Operating system type virus: A virus that adds itself to an operating system or replaces part of it with its own program to do its job is so destructive that it can bring down an entire system. Moreover, because it is infected with the operating system, this virus replaces the legitimate program modules of the operating system with its own program fragments when it is running
Systems attacked
- DOS viruses: Computer viruses that can only run in a DOS environment (boot viruses are not limited to the DOS operating system and exist; certain early viruses that simply take up the boot record to use as a virus body can still destroy the boot record of a computer's hard disk), infectious computer viruses, and were the first computer viruses to appear.
- Windows virus: A virus that infects Windows executable programs and can run under Windows.
- UNIX, Linux viruses: viruses that infect only Unix and Linux operating systems.
- IoT viruses: Infections that target hardware.
- APP viruses: Infections carried out on mobile APPs.
Functional classification
- Worm: can replicate itself and infect other computer viruses.
Backdoors: attackers can bypass security authentication and take remote control of an infected computer. - Botnet: A network of a large number of infected computers that can launch large-scale network attacks, such as DDOS attacks.
- Trojan horse: A specific programmed Trojan horse that takes control of another computer. Unlike normal viruses, it does not reproduce itself and does not deliberately infect other files. It provides the perpetrator with a portal to open the host computer by disguising itself to attract users to download and execute it, so that the perpetrator can destroy and steal the files of the perpetrator at will, or even remotely manipulate the host computer.
- Downloaders, launchers: used to download and execute malicious code from other viruses.
- Spyware: malicious code that collects information from the victim's computer and sends it to the attacker.
- Adware: computer programs with advertisements that are used as a source of profit. This type of software often forces installation and cannot be uninstalled; collects user information in the background for profit, endangering user privacy; and frequently pops up ads, consuming system resources and making it run slower, etc.
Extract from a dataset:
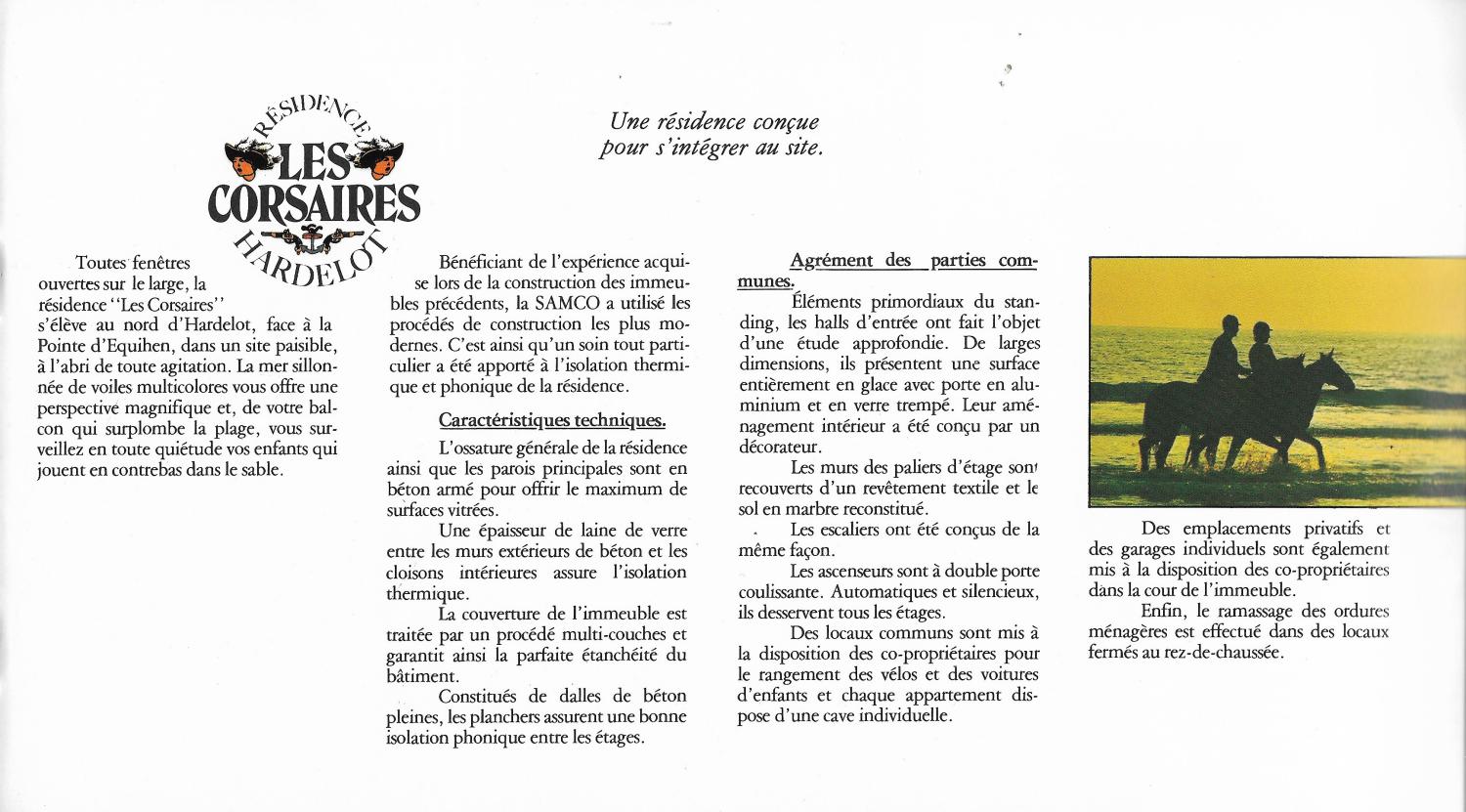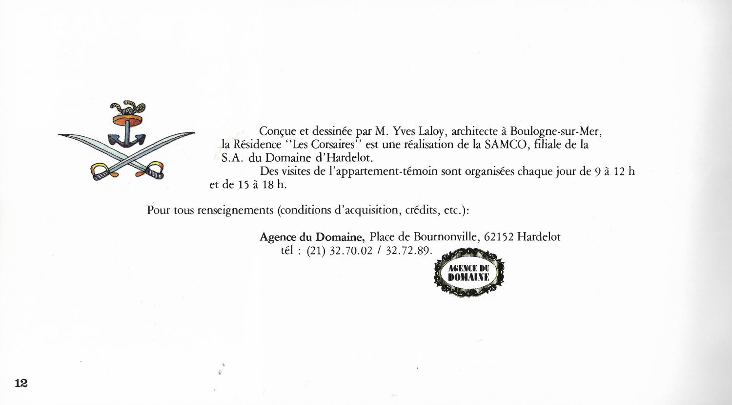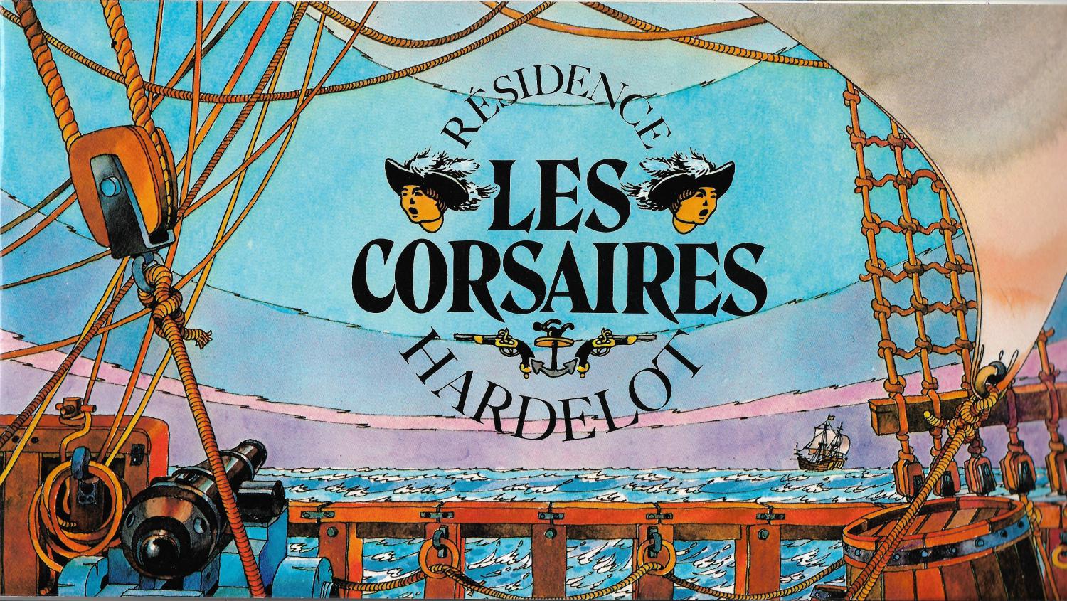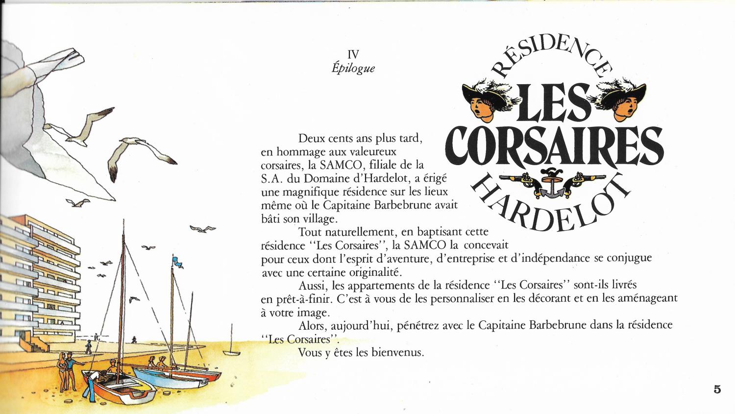 La plaquette de commercialisation des appartements est d’un genre particulier, elle fait appel à l’histoire maritime et met en scène l’équipage d’un bateau corsaire qui dans sa course découvre le site magnifique de la plage d’Hardelot où la mer a la limpidité d’un diamant … Les flibustiers séduits par Hardelot décident de s’y établir…Quelques centaines d’années plus tard une résidence est construite sur l’emplacement du village corsaire…

- Bundled software: Bundled software is software that automatically installs single or multiple pieces of software when the user installs a piece of software. It is installed silently at the time of installation and does not tell the user if they want to install this software.
- Rootkit: A tool that gains root access to a computer and can be used to hide other computer viruses.
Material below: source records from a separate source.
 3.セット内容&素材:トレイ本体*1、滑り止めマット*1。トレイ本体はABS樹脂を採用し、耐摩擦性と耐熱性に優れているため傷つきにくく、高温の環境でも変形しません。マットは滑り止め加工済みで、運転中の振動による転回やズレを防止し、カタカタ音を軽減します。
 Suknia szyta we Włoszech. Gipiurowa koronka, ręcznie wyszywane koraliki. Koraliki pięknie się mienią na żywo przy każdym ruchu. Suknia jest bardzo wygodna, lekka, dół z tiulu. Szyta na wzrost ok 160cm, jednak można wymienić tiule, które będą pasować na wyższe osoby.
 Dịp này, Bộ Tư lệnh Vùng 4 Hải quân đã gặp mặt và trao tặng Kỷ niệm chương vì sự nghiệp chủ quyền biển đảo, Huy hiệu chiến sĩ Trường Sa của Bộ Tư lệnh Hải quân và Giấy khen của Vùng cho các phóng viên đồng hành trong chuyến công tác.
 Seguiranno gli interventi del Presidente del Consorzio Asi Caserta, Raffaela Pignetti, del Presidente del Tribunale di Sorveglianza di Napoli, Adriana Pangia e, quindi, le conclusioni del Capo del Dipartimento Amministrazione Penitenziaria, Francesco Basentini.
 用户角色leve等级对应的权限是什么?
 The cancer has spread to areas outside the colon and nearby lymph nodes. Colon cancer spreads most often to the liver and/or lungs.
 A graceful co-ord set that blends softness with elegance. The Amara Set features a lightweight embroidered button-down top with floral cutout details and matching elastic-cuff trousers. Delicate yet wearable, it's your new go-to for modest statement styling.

- Ransomware: A virus that demands a ransom by encrypting the infected user's files or hard drive.
- Spamming virus: A virus that infects a user's computer and then uses system and network resources to send out large amounts of spam, such as advertising emails, phishing emails, etc.
Target of attack
- Popular computer viruses: Ransomware, for example, uses a cast-net approach and is designed to infect as many machines as possible. This type of malicious code is more common, with more obvious malicious behaviour, and is easily detected and defended against.
- Targeted computer viruses: such as idiosyncratic backdoor viruses that are developed to target specific organisations. Not widely spread and samples are difficult to collect. The code is very complex and virus analysis often involves the use of some high analysis skills. An example is the ShockNet virus, which targets nuclear industry systems.
So what is computer virus analysis?
Computer virus analysis, which usually provides the information needed for an emergency response to a computer virus incident, includes the following elements of analysis:
- What did the virus do to the system?
Locate the infected computer and the suspicious program.
Analyse suspicious files.
Extract the signature codes that can detect viruses on the system and network.
Measure and eliminate the damage caused by computer viruses.
So what is the goal of computer virus analysis
- Analyse how the infection was made
- Analyse the flow of the virus
- Analyse the risk of the virus running
- Analyse how to identify the virus
- Analyse how to eliminate the virus
So how do you find a computer virus in the first place?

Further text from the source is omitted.